## [Exercise details]
What you return should match the data below exactly, with no pictures in it.

------ The data ------

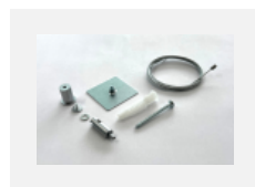
145-50302, N lankový závěs 6000mm-1 ks + kovový úchyt
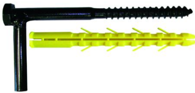
Pièce pour gond en angle
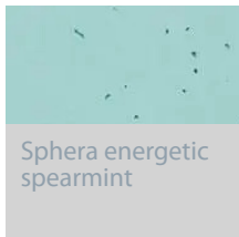
Sphera energetic spearmint
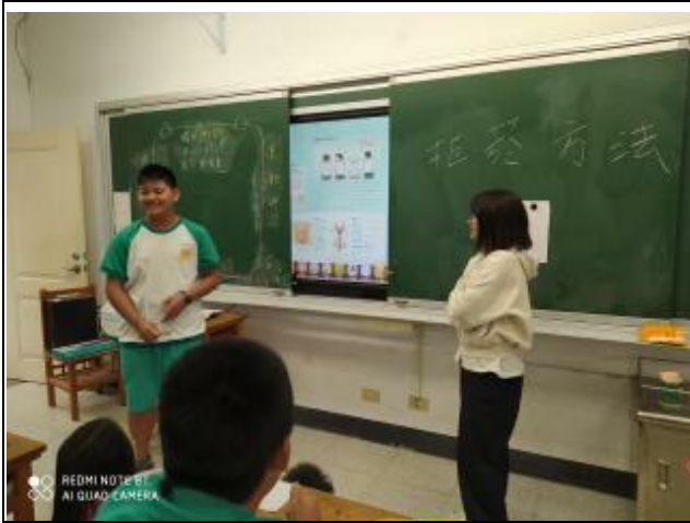
說明：利用實際演練，讓學生拒絕菸害。

------

## [Task output]
145-50302, N lankový závěs 6000mm-1 ks + kovový úchyt
Pièce pour gond en angle
Sphera energetic spearmint
說明：利用實際演練，讓學生拒絕菸害。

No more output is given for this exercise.